#5MinuteFiction Week 68

What is 5MinuteFiction, you say? It’s an adrenaline-fueled, instant-gratification sort of writing contest. Sound fun? Great! Get in there and get dirty!

The Rules

* You get five minutes to write a piece of prose or poetry in any style or genre

* You must BEGIN your entry with the sentence: Finally, the digging was over.

(Note: The prompt is the word. The picture is for decoration/inspiration.)

* Post your entry as a comment to this post.

I’ll close the contest at 1:45. That gives you 5 minutes to write and ten to accommodate the vagaries of relative time, technology, and the fickle internets. If you are confused or just want to whine, feel free to email me.

At the close of the contest, this week’s guest judge, Brian Cortijo, @briancortijo, yet another author of one of my favorite stories in When the Hero Comes Home, the new anthology from Dragon Moon Press, will nominate five finalists.

I’ll put the nominees in a poll, and at 9:00 EDT tomorrow I’ll close the poll and declare the winner.

For updates, you can subscribe to my RSS Feed, “like” my Facebook Page, or follow me on twitter. Or follow us on twitter with the #5MinuteFiction hashtag.

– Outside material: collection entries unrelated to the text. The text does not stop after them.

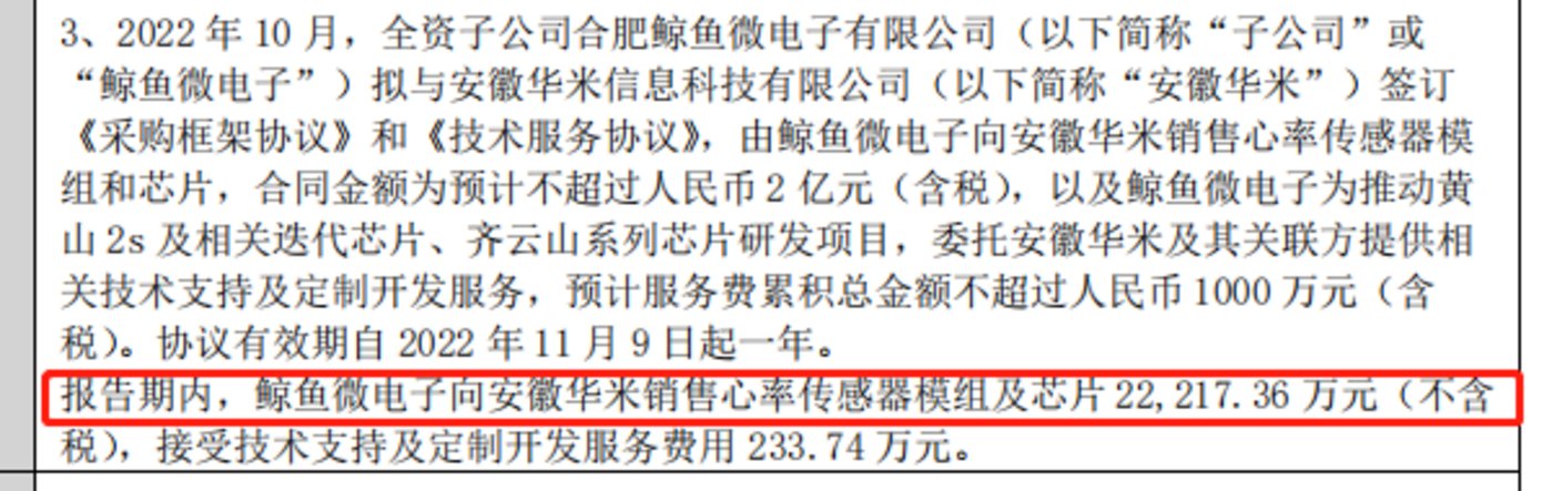 报告期内鲸鱼微电子实现收入22310.08万元,实现毛利5924.69万元。其中,传感器模组实现收入22244.43万元,占总营收比重为66.15%;黄山2S芯片、研发技术服务分别实现收入16.25万元、49.4万元,占总营收比重为0.05%、0.15%。
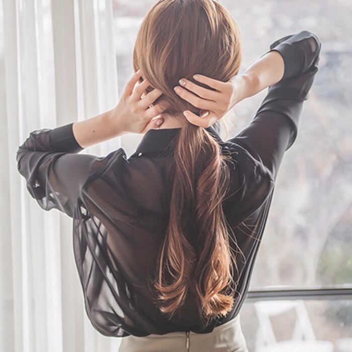シャツ トップス シフォン 長袖 シースルー シアー 透け感 無地 ブラック シンプル スタイリッシュ カッコいい セクシー 春 夏 RB-A06-0070
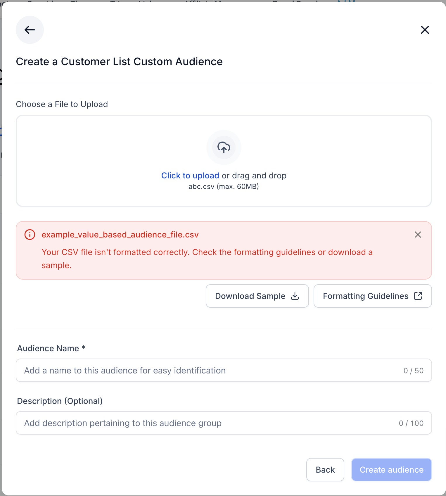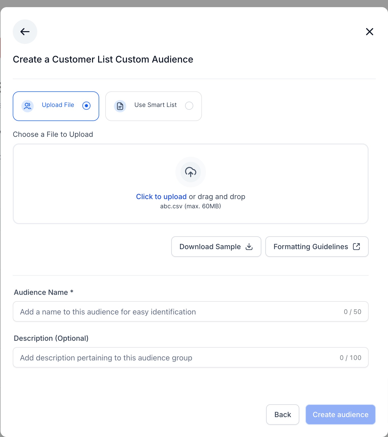 Click Create a Custom Audience (in the campaign flow or from the Audiences tab).

What’s the prize? Well, usually, nothing. But we all tweet and/or blog about the winner of today’s contest so their fame and fortune will be assured. BUT: Brian has graciously offered a copy of When the Hero Comes Home to the winner and as part of my effort to get everyone in the world to read it, I’m giving away a Kindle version of When the Hero Comes Home, to one participant chosen at random!

A Few Notes:

* In the interest of time and formatting, it’s best to type straight into the comment box or notepad. It’s also smart to do a quick highlight and copy before you hit “post” just in case the internets decide to eat your entry. If your entry doesn’t appear right away, email me sometimes comments go into the suspected spam folder and I have to dig them out.

* I reserve the right to remove hate speech or similar but I’m not too picky about the other stuff.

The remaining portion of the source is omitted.